How To Perform Plate/Pot Raise:

Stand with your feet no wider than shoulder width apart, knees bent, toes forward. Keeping your elbows slightly bent, lift an empty clay pot, or saucer lid (depending on it's weight) straight out in front of you. Raise your arms only to shoulder height and then lower. Repeat.

Do 2 sets of 8-10 repetitions. As the weeks progress you may find that you can increase your repetitions to 10-15.

Tip: If you would like to increase your resistance, place a small amount of soil in the bottom of one of the pot prior to lifting.

How To Perform Wall Push Up 2:

This exercise is performed like Wall Push Up 1 in Week 3. However, instead of keeping elbows out to the side, keep your elbows tucked in close to your body. If this exercise is difficult, stand closer to the wall until you build more strength in your arms.

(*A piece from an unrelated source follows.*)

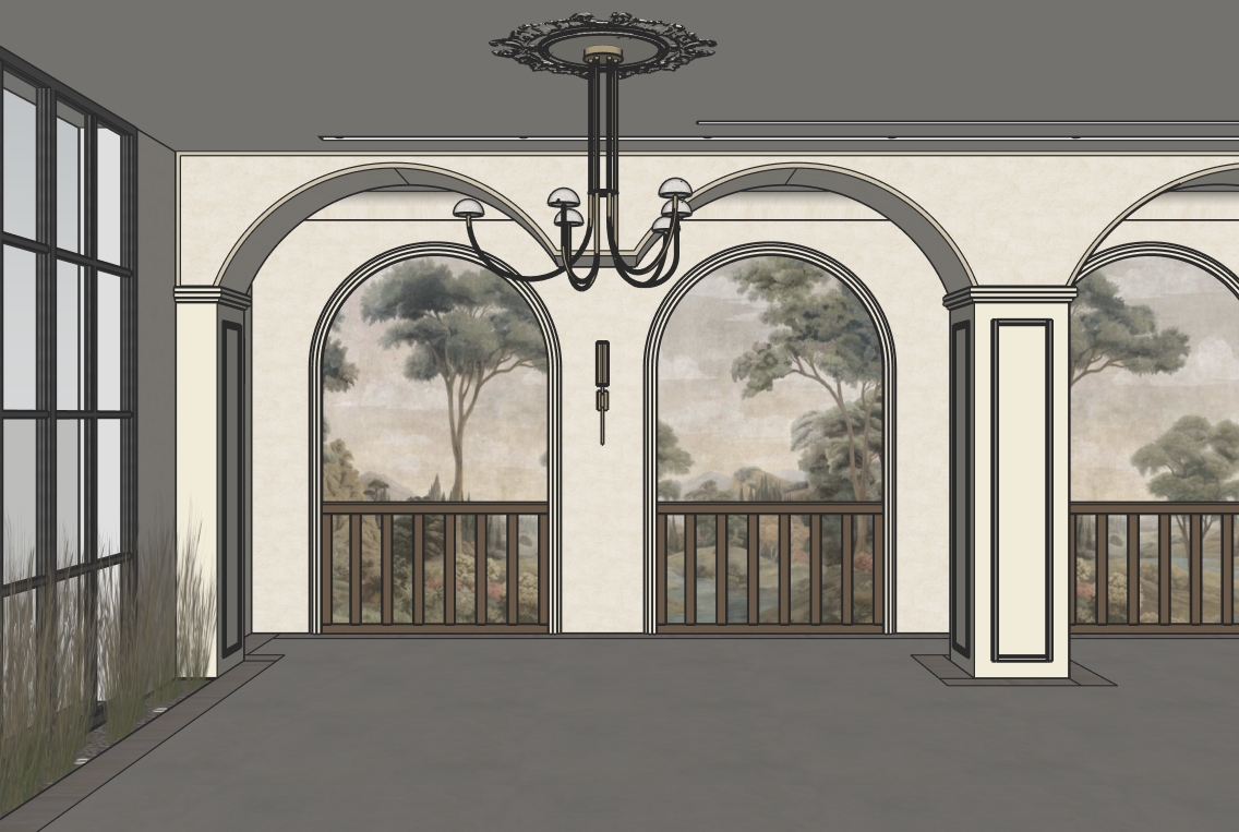 base photorealistic interior render of a high end mediterranean classical restaurant keep exact geometry camera angle proportions and original color palette from the reference image key corrections the arches on the back wall are not real openings they are flat wallpaper murals with painted landscape trees and nature framed by decorative moldings they must read as decorative surfaces not exterior views behind the camera there is a large glass window bringing soft natural light into the space the wall panels mirrors are aged antique mirror glass with subtle oxidation stains and imperfect reflections lighting very important warm lighting overall 2700k 3000k cozy and elegant restaurant mood hidden led strips on top of column moldings casting soft uplight baseboard under mirrors panels with integrated led casting soft downlight on left railings a hidden led strip on top casting light downward washing the railing natural light entering from behind camera soft shadows and realistic bounce light no overexposure balanced lighting materials preserve original tones beige cream warm neutrals light moldings dark continuous flooring wooden railings soft sheer curtains natural indoor plants render style ultra photorealistic global illumination ray tracing soft shadows ambient occlusion high detail textures cinematic lighting realistic reflections mood warm sophisticated intimate fine dining atmosphere

Do 2 sets of 8-10 repetitions. As the weeks progress you may find that you can increase your repetitions to 10-15.

Week 6: Exercise: Curls

One last exercise to build arm strength for more gardening gusto!

How To Perform Curls:

Stand with your feet no wider than shoulder width apart, knees bent and your toes forward. Keeping your elbows close to your sides and your wrists in a neutral position, lift the weights toward your chest. Stop before the weights touch your shoulders. Lower the weights to the resting position. Repeat.

Tip: Resist gripping the weight too tightly.You should be able to open your fingers and still lift the weight.

Do 2 sets of 8-15 repetitions.

About the fitness plan creator:

Kimberly Ridout has a Bachelor of Arts in Psychology from The University of Texas at Arlington and is a personal trainer certified through The Cooper Institute for Aerobics Research in Dallas, TX. Kimberly has been assisting individuals to achieve personal fitness goals since 1993 both in personal home settings and wellness centers. Kimberly created the personal training program at The University of Texas at Arlington, authored the training and fitness-testing manual for their wellness program and continued to assist with program development until 1999. Currently, Kimberly is pursuing a Master's degree of Physical Therapy at Texas Woman's University and will complete her coursework in July 2002. Kimberly competed in the Dallas Tom Landry Triathlon 1999, the Dallas White Rock Marathon Relay 2000 and the Dallas White Rock Marathon in 2001. Kimberly offers personal garden fitness programs for individuals.